The first new exhibition this fall at MOCA is Yazan Khalili’s Medusa (2020), in which the Ramallah-based artist builds on his long-standing engagement with digital archiving in times of political unrest.
Khalili asks whether digital archives can be a medium that frees memory from overdetermined, institutionalized narratives. Specifically, Medusa engages with the rise of facial recognition technologies. While the human face is an everyday mode of personal identification, the COVID-19 pandemic is an unprecedented historical transition in how we perceive one another—recently we are communicating almost entirely via video and various social platforms. Despite the fact that Khalili’s work was produced prior to the pandemic, the current requirement to mask up in public space has introduced a new, universal, layer of facial concealment from which to engage with the ideas of Medusa and the mythology it references.
As the mythological figure of Greek antiquity, Medusa signifies both a mesmerizing angel of death and a casualty of petty politics among the gods. She appears as the epic executioner who never chose to be eternally chained to her rage. Moreover, despite being the archetype of the deadly gaze that petrifies, reifies and dehumanizes, Medusa can be overcome if one mirrors her powers back onto her. Technology itself is not an untouchable abstraction. As a human invention, it hosts our respective weaknesses. It relies on images, histories, codes, decisions, regulations and glitches that, however complex, are mired in bias and insufficient data.

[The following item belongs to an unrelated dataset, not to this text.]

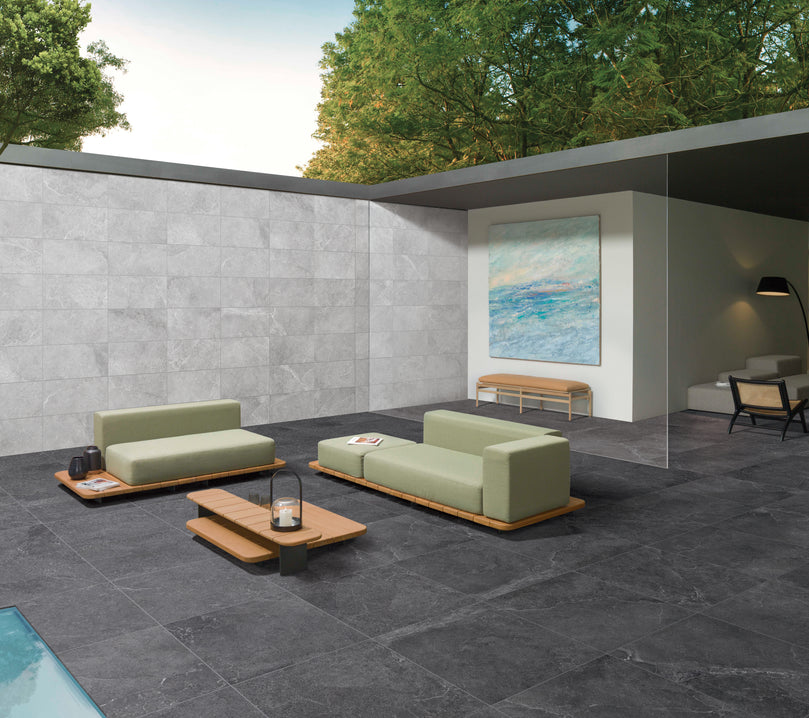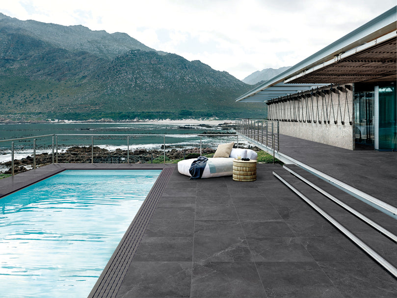 Ajoutez une touche de modernité et de caractère à vos espaces extérieurs avec la tuile Enzo Coal. D’un noir charbon texturé aux subtils veinages minéraux, cette tuile carrée de grand format (24 x 24 po) allie robustesse, esthétisme et fonctionnalité. Son fini mat légèrement texturé évoque la pierre naturelle tout en étant conçu pour résister aux éléments.

At MOCA the materiality of the technological interface that composes Medusa is emphasized and installed in the most public of spaces—the entrance floor. Far from a transparent, unnoticeable set of devices, the screens are foregrounded and beset with cracks, smartphones and superimposed tablets. This layering of plastic and glass exposes the physicality and participation of the screens in the work, a reality that technology design does its best to conceal. As a visitor, we only realize the full picture of Medusa if we move between the media surfaces and consider the seductive qualities of the imagery and how our face plays its own role in this set of constructions.
Medusa, by Yazan Khalili, is supported by The Consortium Commissions—a project initiated by Mophradat with institutional partners including MOCA Toronto, Hammer Museum, LA; CCA, Glasgow and KW, Berlin.
Yazan Khalili was born in 1981. He lives and works in Ramallah and Amsterdam. He is an architect and visual artist. His works have been exhibited in several major exhibitions, including among others: New Photography, MoMA, New York (2019); Jerusalem Lives, Palestinian Museum, Birzeit (PS, 2017); Post-Peace, Kunstverein Stuttgart (DE, 2017); Shanghai Biennial (CN, 2016); Sharjah Biennial (AE, 2013). Currently, he is a faculty member of the MFA program at Bard College, NY, and an artist in residence at the Rijksakademie, Amsterdam.